DIRECTIONS =
Each line below should be repeated exactly as written, with no pictures carried over.

"""

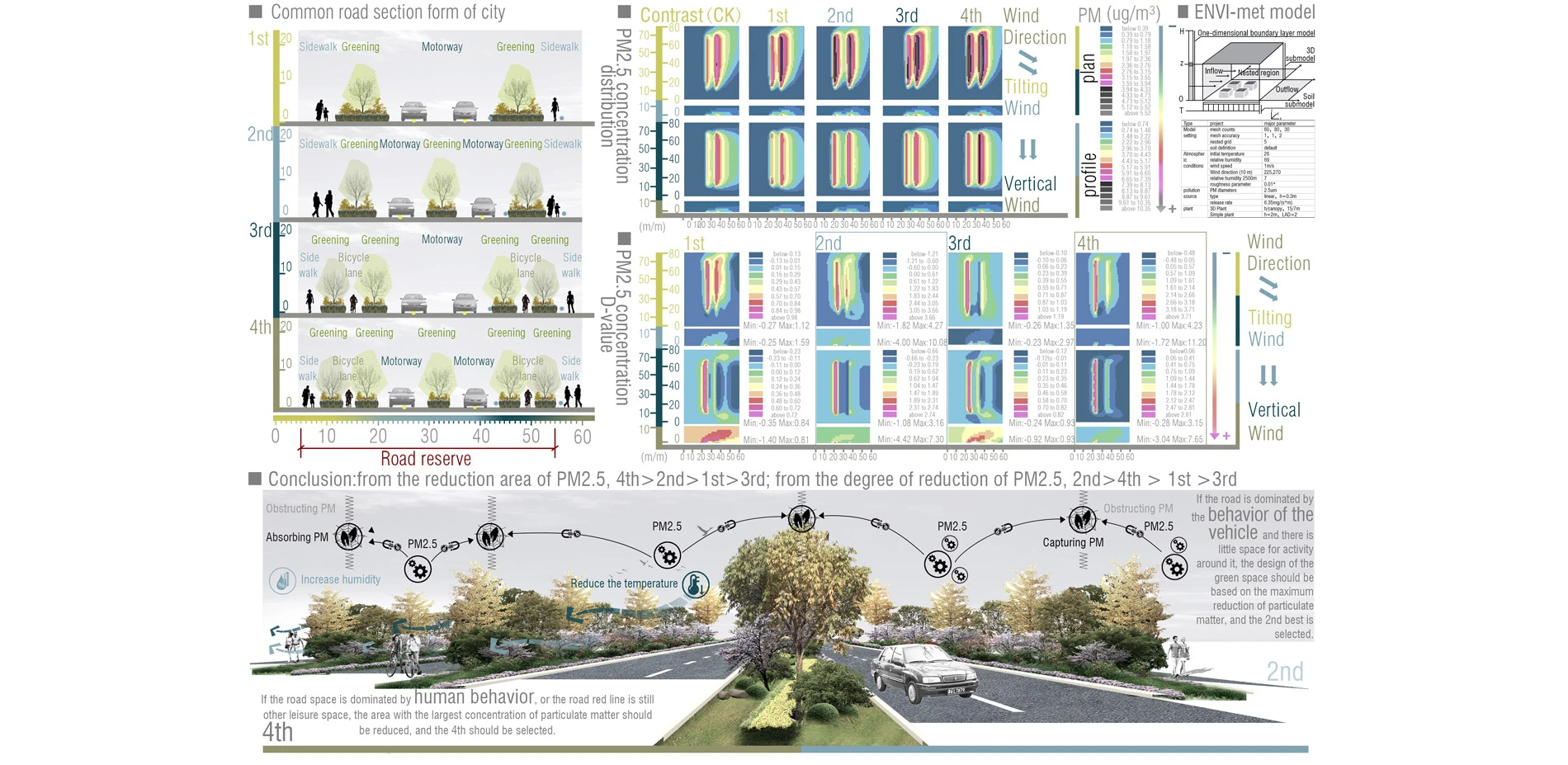 2. Plants also have a barrier effect on the spread of air particles. We analyzed the airborne particulate pollution sources in Wuhan and found that the main source of pollution was automobile exhaust from the streets. Therefore, CFD and ENVI-met software were used to simulate the urban street environment, and found that the trees in the street have the effect on weakening the urban wind and indirectly blocking the diffusion of air particles. There is a positive correlation between the number of trees in the street and its barrier to particulate matter. Therefore, the concentration of airborne particulate matter in urban residential areas is particularly close to the green space of the street.
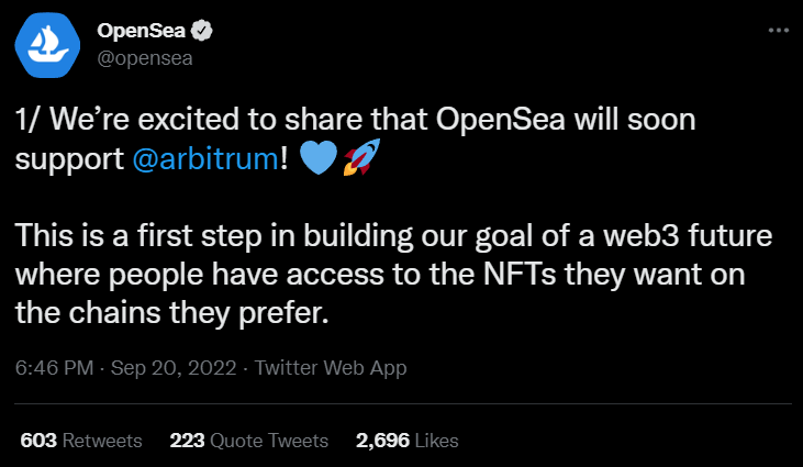 Площадка для торговли невзаимозаменяемыми токенами OpenSea скоро добавит поддержку сайдчейна Arbitrum. Об этом представители площадки сообщили в твиттере.
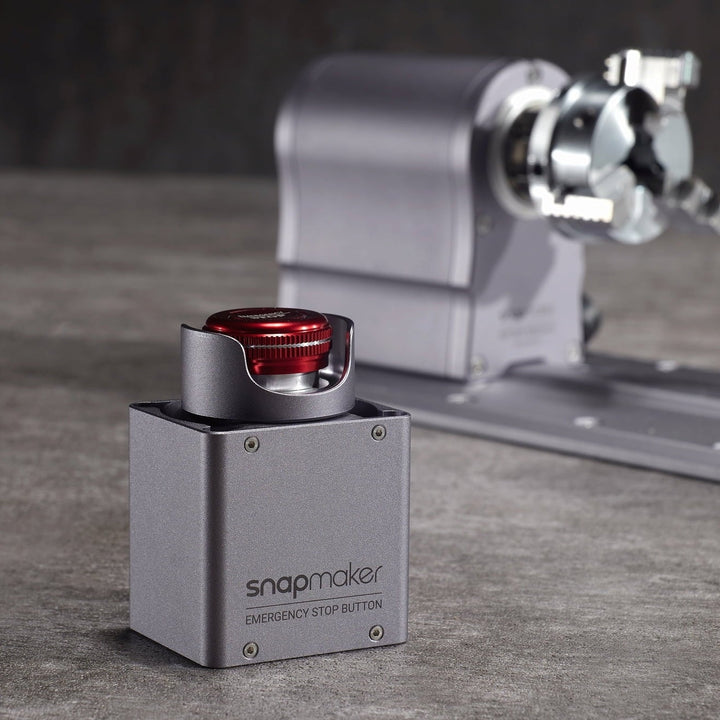 Wyłącznik awaryjny Snapmaker 2.0 zapewnia maksymalne bezpieczeństwo podczas drukowania 3D, grawerowania laserowego i frezowania CNC. Jedno proste naciśnięcie natychmiast zatrzymuje wszystkie ruchy maszyny – idealne, gdy coś pójdzie nie tak lub chcesz chronić swój przedmiot.
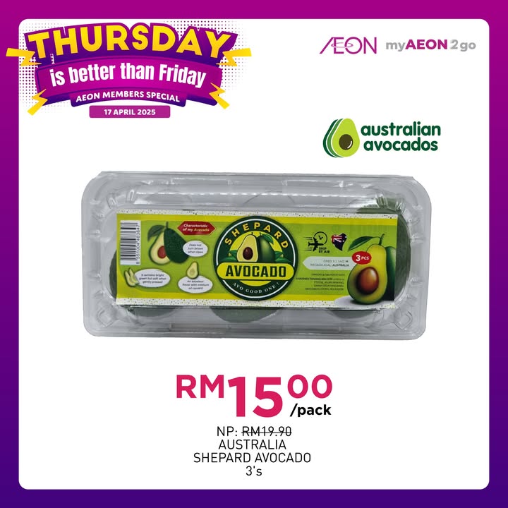 - Avocado Adventure: Indulge in creamy Australian Avocados at just RM15 a pack! Perfect for guacamole, salads, or simply spreading on toast.
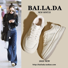 鲁鲁蛋 韩系休闲板鞋女款2025新款秋冬厚底小白鞋加绒百搭面包鞋
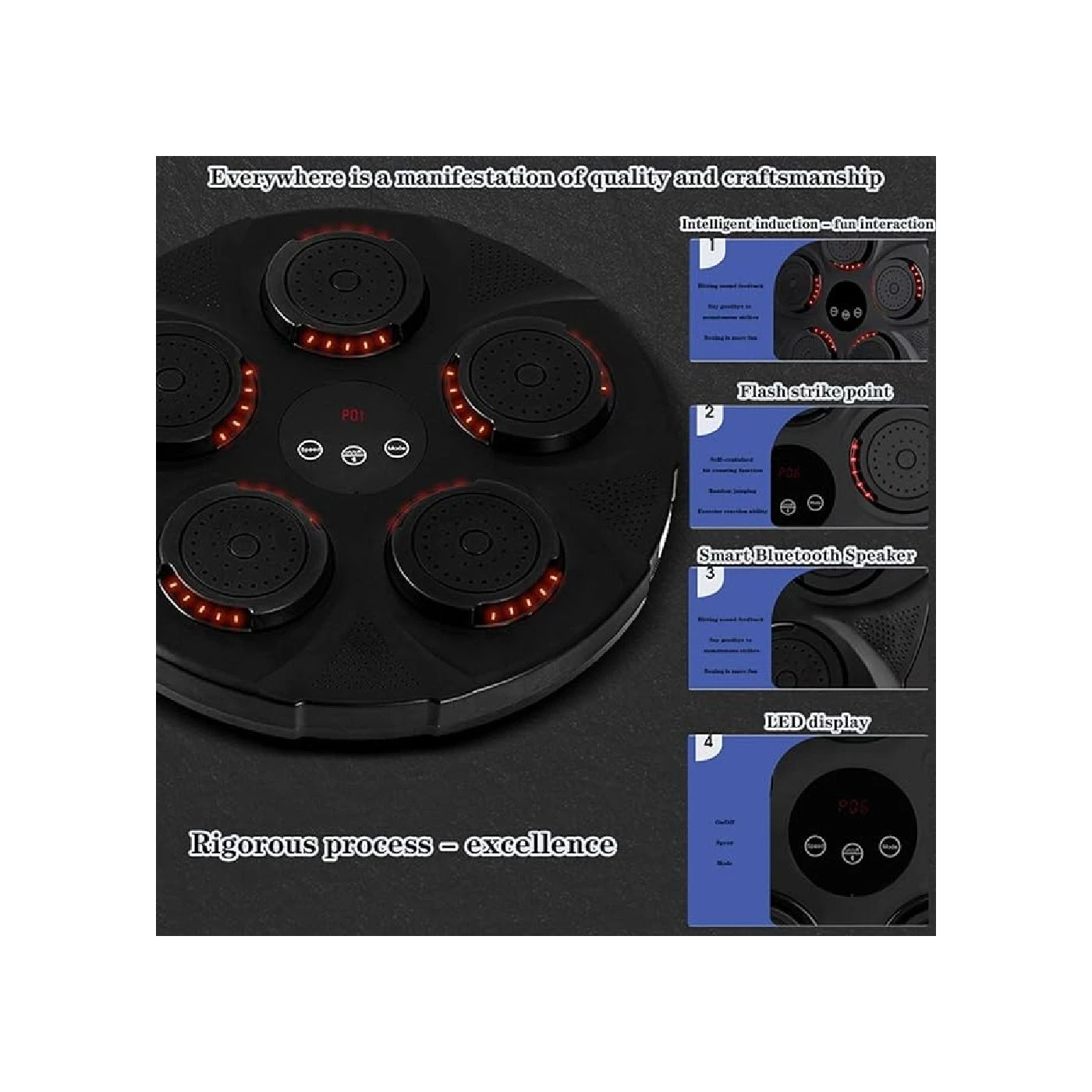 A máquina de boxe de música é equipada com 5 pontos de golpe intermitentes RGB, os pontos de golpe acendem aleatoriamente com a batida da música, você pode praticar boxe com o ritmo da música e das luzes. Você também pode praticar a coordenação olho-mão e os reflexos de socos.
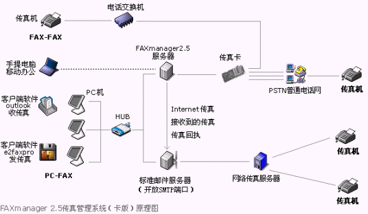 FAXmanager 2.5傳真管理系統(tǒng)安裝在局域網(wǎng)的一臺(tái)專(zhuān)用服務(wù)器上,運(yùn)行環(huán)境可以是:Windows98/NT/2000/XP等,此服務(wù)器可以同郵件服務(wù)器為同一臺(tái)機(jī)器,構(gòu)成企業(yè)郵件/傳真專(zhuān)用服務(wù)器,F(xiàn)AXmanager 2.5可以和企業(yè)郵件系統(tǒng)或群件系統(tǒng)整合使用,可以是Unix/Linux環(huán)境的Qmail和Sendmail等郵件系統(tǒng),也可以是Microsoft Exchange和Lotus Domino/Notes等群件系統(tǒng),當(dāng)然也可以是IComMail等企業(yè)郵件系統(tǒng),也支持虛擬主機(jī)設(shè)置企業(yè)郵局開(kāi)設(shè)POP3帳戶(hù)和上網(wǎng)代理服務(wù)器的使用環(huán)境。
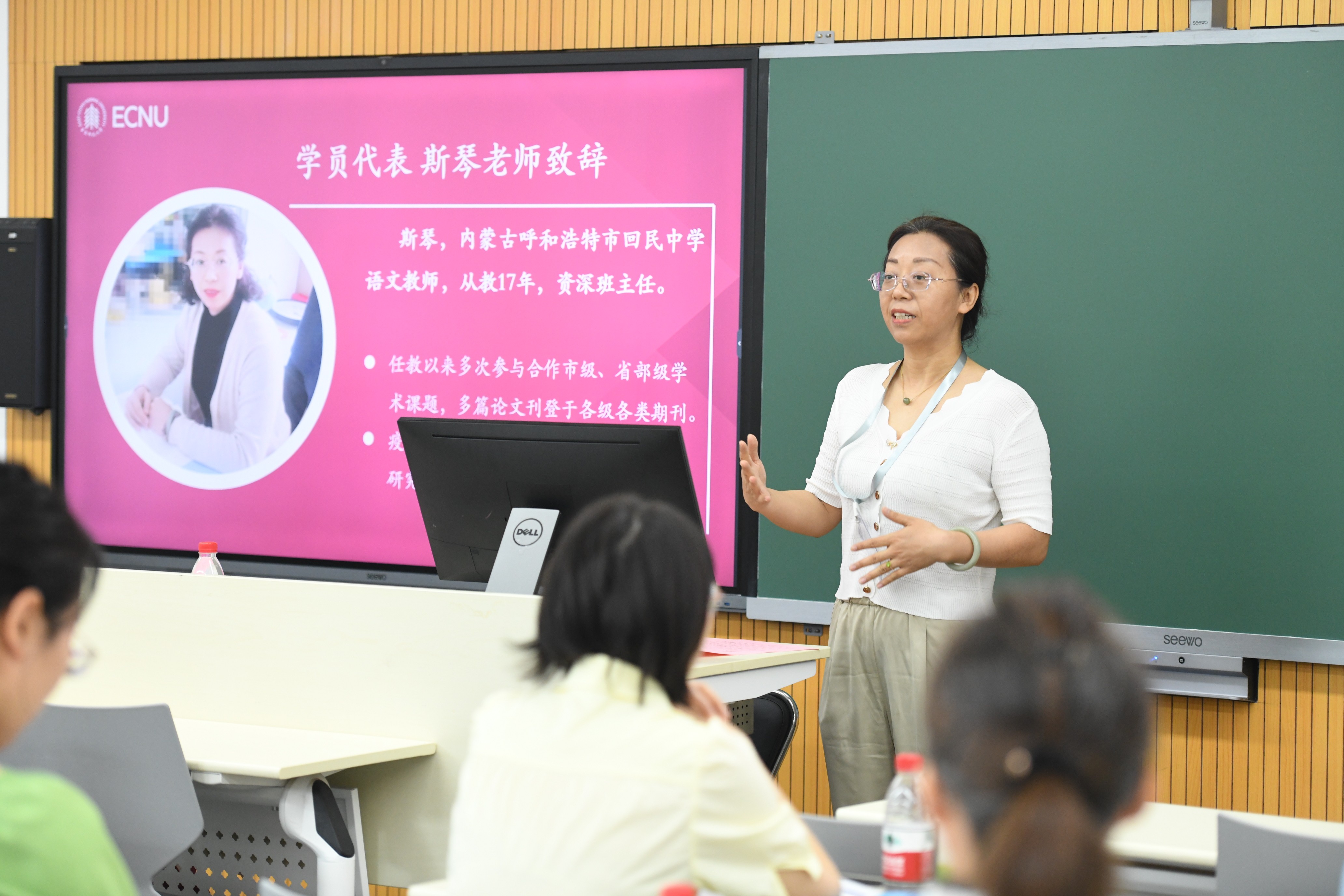 7月24日,华东师大老王论坛 党委书记吕志峰出席开班仪式并致欢迎辞,他表示,希望各位研修的老师都能不虚此行,于学习、交流中开拓思路、互通有无,以“整本书”为切入点,共谋语文教育新发展。开班仪式上,来自内蒙古呼和浩特市回民中学的资深语文教师斯琴老师作为学员代表发言,对五天的研修表达了期待。
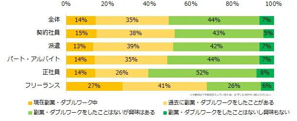 ★ 49%が「副業・ダブルワークの経験がある」と回答。
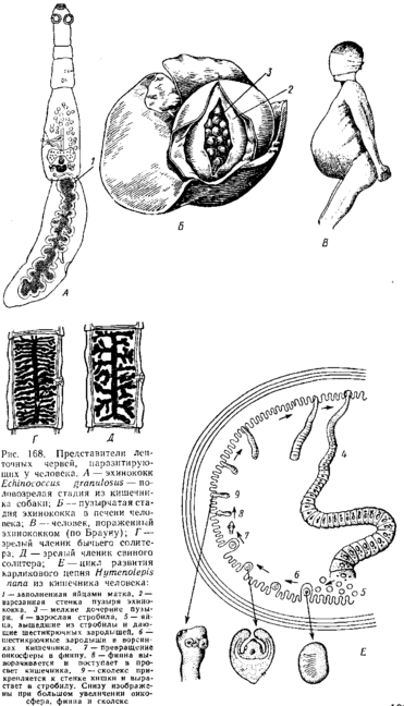 Наиболее опасен для человека цепень эхинококк. Вид этот прямо противоположен предыдущим по относит ельной величине ленточной и пузырчатой стадий. Тогда как половозрелая форма состоит всего из 3—4 члеников и достигает 5 мм длины, финны червя образуют пузырь, достигающий размеров яблока, а иногда детской головы. Сам цепень живет в тонкой кишке собаки, лисицы и волка, а стадию финны проходит в различных органах (особенно в печени и легких) крупного рогатого скота, овец, свиней, реже лошадей, кроликов, а также и человека. У скота заражение происходит при поедании вместе с травой яиц Echinococcus, попавших на траву из экскрементов пастушьих собак. Человек заражается при неосторожном обращении с собаками. Яйца Echinococcus так малы (35 мкм длины), что легко могут попасть в рот, если не мыть руки перед едой после того, как гладили зараженную собаку, и т. п. То же самое может случиться, если позволить собаке лизать себе руки или лицо и т. п. Собаки же заражаются финнами эхинококка, поедая внутренности зараженного рогатого скота и свиней.
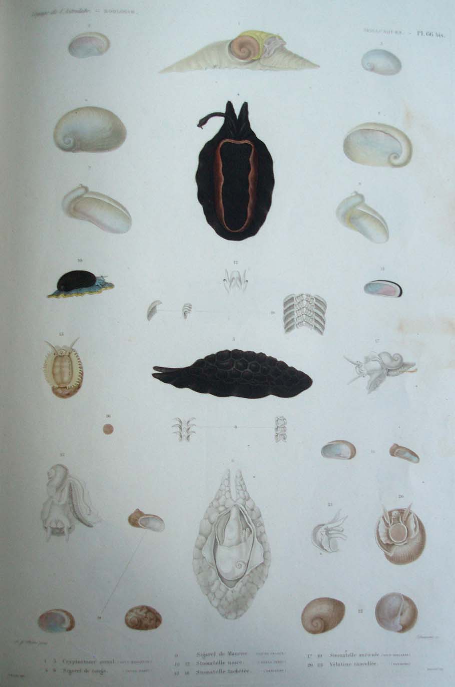 1. 3. Cryptostome zônal. (Nouv. Hollande) 4. 8. Sigarel de tonga. (Tonga-Tabou) 9. Sigarel de Maurice. (Île-de-France) 10. 12. Stomatelle noire. (Tonga-Tabou) 13. 16. Stomatelle tachetée. (Vanikoro) 17. 19. Stomatelle auricule. (Nouv-Hollande) 20. 22. Velutine cancellée. (Vanikoro)
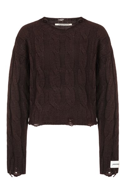 Свитер с объемным арановым мотивом и потертостями выполнили из акриловой пряжи с добавлением шерсти и вискозы. Левый рукав изделия украсили контрастной брендированной нашивкой.
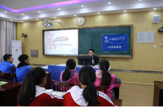 2017年12月4日是第4个国家宪法日,也是第17个全国法制宣传日。为深入贯彻党的十九大精神,切实提高学生的法治观念和法律意识,使尊法学法守法用法成为学生的共同追求和自觉行动。12月8日,阳光外国语学校邀请上海师范大学哲学和政法学院的志愿者团队为八年级的69名入团积极分子进行了一场精彩的法制讲座。
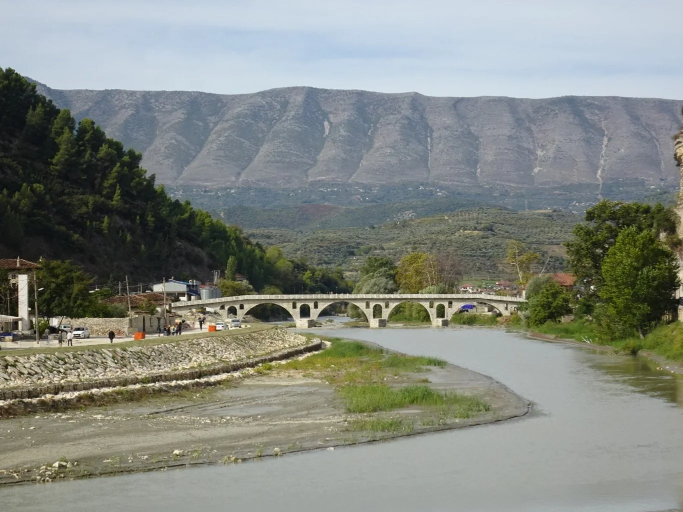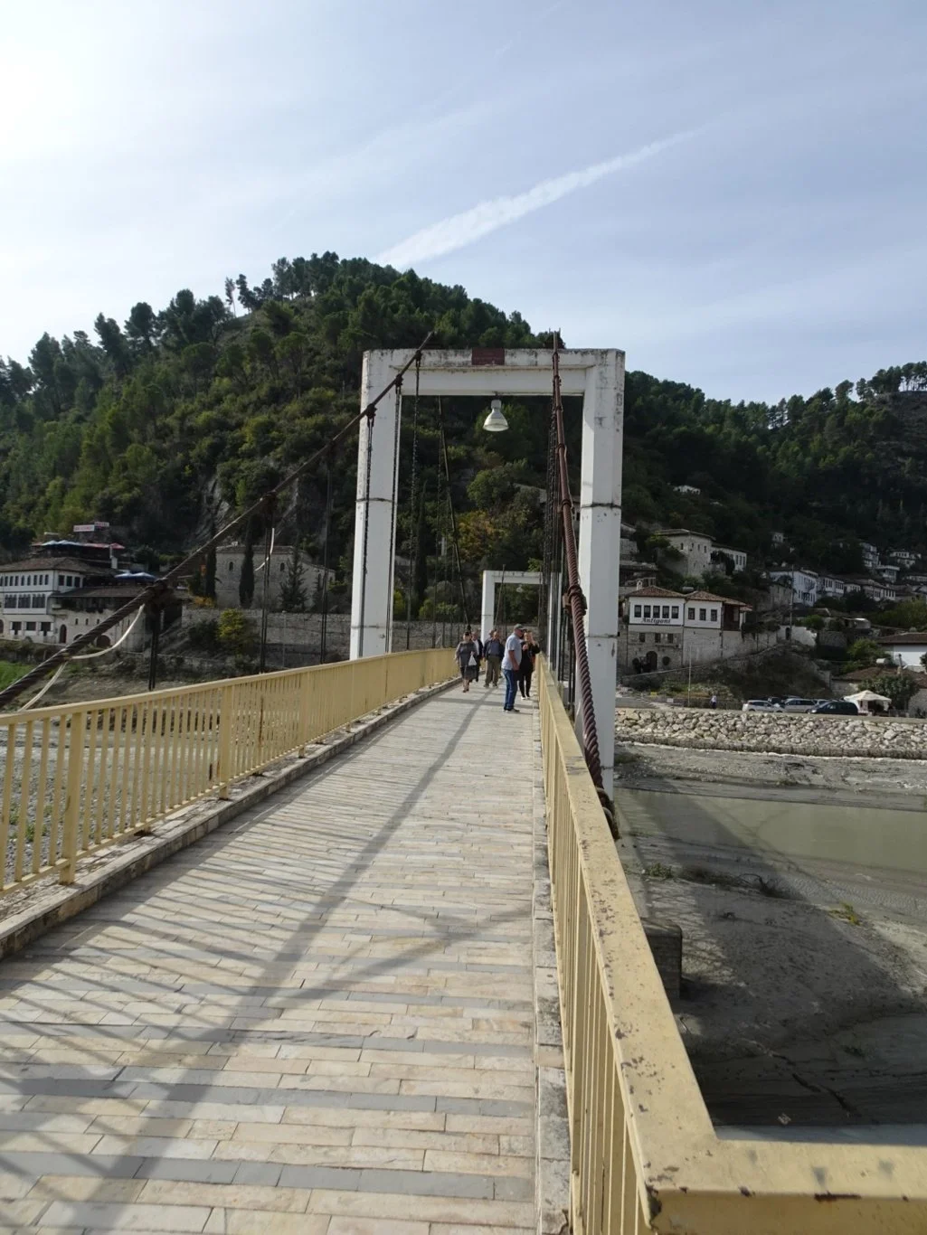On we walked then, towards our meeting point. We took Ilir’s advice and stepped onto the suspension bridge over the river to get a good view of the old stone bridge a little further downstream.

"""

RESPONSE AREA =
 2. Plants also have a barrier effect on the spread of air particles. We analyzed the airborne particulate pollution sources in Wuhan and found that the main source of pollution was automobile exhaust from the streets. Therefore, CFD and ENVI-met software were used to simulate the urban street environment, and found that the trees in the street have the effect on weakening the urban wind and indirectly blocking the diffusion of air particles. There is a positive correlation between the number of trees in the street and its barrier to particulate matter. Therefore, the concentration of airborne particulate matter in urban residential areas is particularly close to the green space of the street.
 Площадка для торговли невзаимозаменяемыми токенами OpenSea скоро добавит поддержку сайдчейна Arbitrum. Об этом представители площадки сообщили в твиттере.
 Wyłącznik awaryjny Snapmaker 2.0 zapewnia maksymalne bezpieczeństwo podczas drukowania 3D, grawerowania laserowego i frezowania CNC. Jedno proste naciśnięcie natychmiast zatrzymuje wszystkie ruchy maszyny – idealne, gdy coś pójdzie nie tak lub chcesz chronić swój przedmiot.
 - Avocado Adventure: Indulge in creamy Australian Avocados at just RM15 a pack! Perfect for guacamole, salads, or simply spreading on toast.
 鲁鲁蛋 韩系休闲板鞋女款2025新款秋冬厚底小白鞋加绒百搭面包鞋
 A máquina de boxe de música é equipada com 5 pontos de golpe intermitentes RGB, os pontos de golpe acendem aleatoriamente com a batida da música, você pode praticar boxe com o ritmo da música e das luzes. Você também pode praticar a coordenação olho-mão e os reflexos de socos.
 FAXmanager 2.5傳真管理系統(tǒng)安裝在局域網(wǎng)的一臺(tái)專(zhuān)用服務(wù)器上,運(yùn)行環(huán)境可以是:Windows98/NT/2000/XP等,此服務(wù)器可以同郵件服務(wù)器為同一臺(tái)機(jī)器,構(gòu)成企業(yè)郵件/傳真專(zhuān)用服務(wù)器,F(xiàn)AXmanager 2.5可以和企業(yè)郵件系統(tǒng)或群件系統(tǒng)整合使用,可以是Unix/Linux環(huán)境的Qmail和Sendmail等郵件系統(tǒng),也可以是Microsoft Exchange和Lotus Domino/Notes等群件系統(tǒng),當(dāng)然也可以是IComMail等企業(yè)郵件系統(tǒng),也支持虛擬主機(jī)設(shè)置企業(yè)郵局開(kāi)設(shè)POP3帳戶(hù)和上網(wǎng)代理服務(wù)器的使用環(huán)境。
 7月24日,华东师大老王论坛 党委书记吕志峰出席开班仪式并致欢迎辞,他表示,希望各位研修的老师都能不虚此行,于学习、交流中开拓思路、互通有无,以“整本书”为切入点,共谋语文教育新发展。开班仪式上,来自内蒙古呼和浩特市回民中学的资深语文教师斯琴老师作为学员代表发言,对五天的研修表达了期待。
 ★ 49%が「副業・ダブルワークの経験がある」と回答。
 Наиболее опасен для человека цепень эхинококк. Вид этот прямо противоположен предыдущим по относит ельной величине ленточной и пузырчатой стадий. Тогда как половозрелая форма состоит всего из 3—4 члеников и достигает 5 мм длины, финны червя образуют пузырь, достигающий размеров яблока, а иногда детской головы. Сам цепень живет в тонкой кишке собаки, лисицы и волка, а стадию финны проходит в различных органах (особенно в печени и легких) крупного рогатого скота, овец, свиней, реже лошадей, кроликов, а также и человека. У скота заражение происходит при поедании вместе с травой яиц Echinococcus, попавших на траву из экскрементов пастушьих собак. Человек заражается при неосторожном обращении с собаками. Яйца Echinococcus так малы (35 мкм длины), что легко могут попасть в рот, если не мыть руки перед едой после того, как гладили зараженную собаку, и т. п. То же самое может случиться, если позволить собаке лизать себе руки или лицо и т. п. Собаки же заражаются финнами эхинококка, поедая внутренности зараженного рогатого скота и свиней.
 1. 3. Cryptostome zônal. (Nouv. Hollande) 4. 8. Sigarel de tonga. (Tonga-Tabou) 9. Sigarel de Maurice. (Île-de-France) 10. 12. Stomatelle noire. (Tonga-Tabou) 13. 16. Stomatelle tachetée. (Vanikoro) 17. 19. Stomatelle auricule. (Nouv-Hollande) 20. 22. Velutine cancellée. (Vanikoro)
 Свитер с объемным арановым мотивом и потертостями выполнили из акриловой пряжи с добавлением шерсти и вискозы. Левый рукав изделия украсили контрастной брендированной нашивкой.
 2017年12月4日是第4个国家宪法日,也是第17个全国法制宣传日。为深入贯彻党的十九大精神,切实提高学生的法治观念和法律意识,使尊法学法守法用法成为学生的共同追求和自觉行动。12月8日,阳光外国语学校邀请上海师范大学哲学和政法学院的志愿者团队为八年级的69名入团积极分子进行了一场精彩的法制讲座。
On we walked then, towards our meeting point. We took Ilir’s advice and stepped onto the suspension bridge over the river to get a good view of the old stone bridge a little further downstream.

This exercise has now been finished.